As expected, we can't reject independence. What happens if two variables are coupled?

using Associations
using Random; rng = Xoshiro(1234)
x = rand(rng, 300)
z = x .+ rand(rng, 300)
test = SurrogateAssociationTest(MCR(r = 0.5); rng, nshuffles = 100, surrogate = RandomShuffle())
independence(test, x, z)
`SurrogateAssociationTest` independence test
---------------------------------------------------------------------
H₀: "The variables are independent"
Hₐ: "The variables are dependent"
---------------------------------------------------------------------
Estimated: 0.8598941266033399
Ensemble quantiles (100 permutations):
    (99.9%): 0.7440399457983421
    (99%):   0.7438934940356006
    (95%):   0.7417528709637129
p-value:   0.0
α = 0.05:  ✓ Evidence favors dependence
α = 0.01:  ✓ Evidence favors dependence
α = 0.001: ✓ Evidence favors dependence

Now, because the variables are coupled, the evidence in the data support dependence.

LocalPermutationTest

To demonstrate the local permutation test for independence, we'll again use the chain of unidirectionally coupled logistic maps.

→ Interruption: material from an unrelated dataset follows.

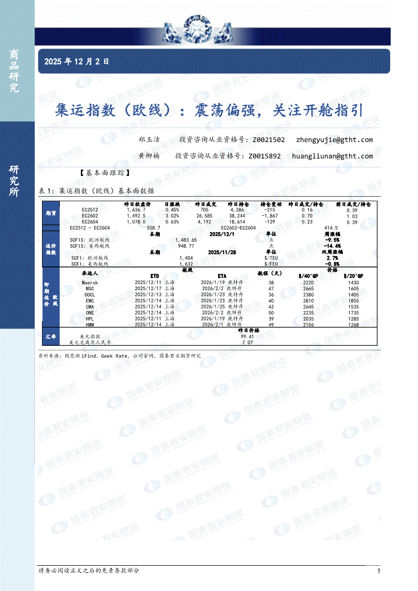 国泰君安期货-集运指数(欧线):震荡偏强,关注开舱指引-251202

We'll implement a set of chained logistic maps with unidirectional coupling.

using DynamicalSystemsBase
Base.@kwdef struct Logistic4Chain{V, RX, RY, RZ, RW, C1, C2, C3, Σ1, Σ2, Σ3, RNG}
    xi::V = [0.1, 0.2, 0.3, 0.4]
    rx::RX = 3.9
    ry::RY = 3.6
    rz::RZ = 3.6
    rw::RW = 3.8
    c_xy::C1 = 0.4
    c_yz::C2 = 0.4
    c_zw::C3 = 0.35
    σ_xy::Σ1 = 0.05
    σ_yz::Σ2 = 0.05
    σ_zw::Σ3 = 0.05
    rng::RNG = Random.default_rng()
end

function eom_logistic4_chain(u, p::Logistic4Chain, t)
    (; xi, rx, ry, rz, rw, c_xy, c_yz, c_zw, σ_xy, σ_yz, σ_zw, rng) = p
    x, y, z, w = u
    f_xy = (y +  c_xy*(x + σ_xy * rand(rng)) ) / (1 + c_xy*(1+σ_xy))
    f_yz = (z +  c_yz*(y + σ_yz * rand(rng)) ) / (1 + c_yz*(1+σ_yz))
    f_zw = (w +  c_zw*(z + σ_zw * rand(rng)) ) / (1 + c_zw*(1+σ_zw))
    dx = rx * x * (1 - x)
    dy = ry * (f_xy) * (1 - f_xy)
    dz = rz * (f_yz) * (1 - f_yz)
    dw = rw * (f_zw) * (1 - f_zw)
    return SVector{4}(dx, dy, dz, dw)
end


function system(definition::Logistic4Chain)
    return DiscreteDynamicalSystem(eom_logistic4_chain, definition.xi, definition)
end
system (generic function with 1 method)

CMIShannon

To estimate CMI, we'll use the Kraskov differential entropy estimator, which naively computes CMI as a sum of entropy terms without guaranteed bias cancellation.

using Associations
using Random; rng = Xoshiro(1234)
n = 100
X = randn(rng, n)
Y = X .+ randn(rng, n) .* 0.4
Z = randn(rng, n) .+ Y
x, y, z = StateSpaceSet.((X, Y, Z))
test = LocalPermutationTest(FPVP(CMIShannon()), nshuffles = 19)
independence(test, x, y, z)
`LocalPermutationTest` independence test
---------------------------------------------------------------------
H₀: "The first two variables are independent, given the 3rd variable"
Hₐ: "The first two variables are dependent, given the 3rd variable"
---------------------------------------------------------------------
Estimated: -0.38677941849665654
Ensemble quantiles (19 permutations):
    (99.9%): -0.731915090024784
    (99%):   -0.7372511896014173
    (95%):   -0.7609671877197877
p-value:   0.0
α = 0.05:  ✓ Evidence favors dependence
α = 0.01:  ✓ Evidence favors dependence
α = 0.001: ✓ Evidence favors dependence

We expect there to be a detectable influence from $X$ to $Y$, if we condition on $Z$ or not, because $Z$ doesn't influence neither $X$ nor $Y$. The null hypothesis is that the first two variables are conditionally independent given the third, which we reject with a very low p-value. Hence, we accept the alternative hypothesis that the first two variables $X$ and $Y$. are conditionally dependent given $Z$.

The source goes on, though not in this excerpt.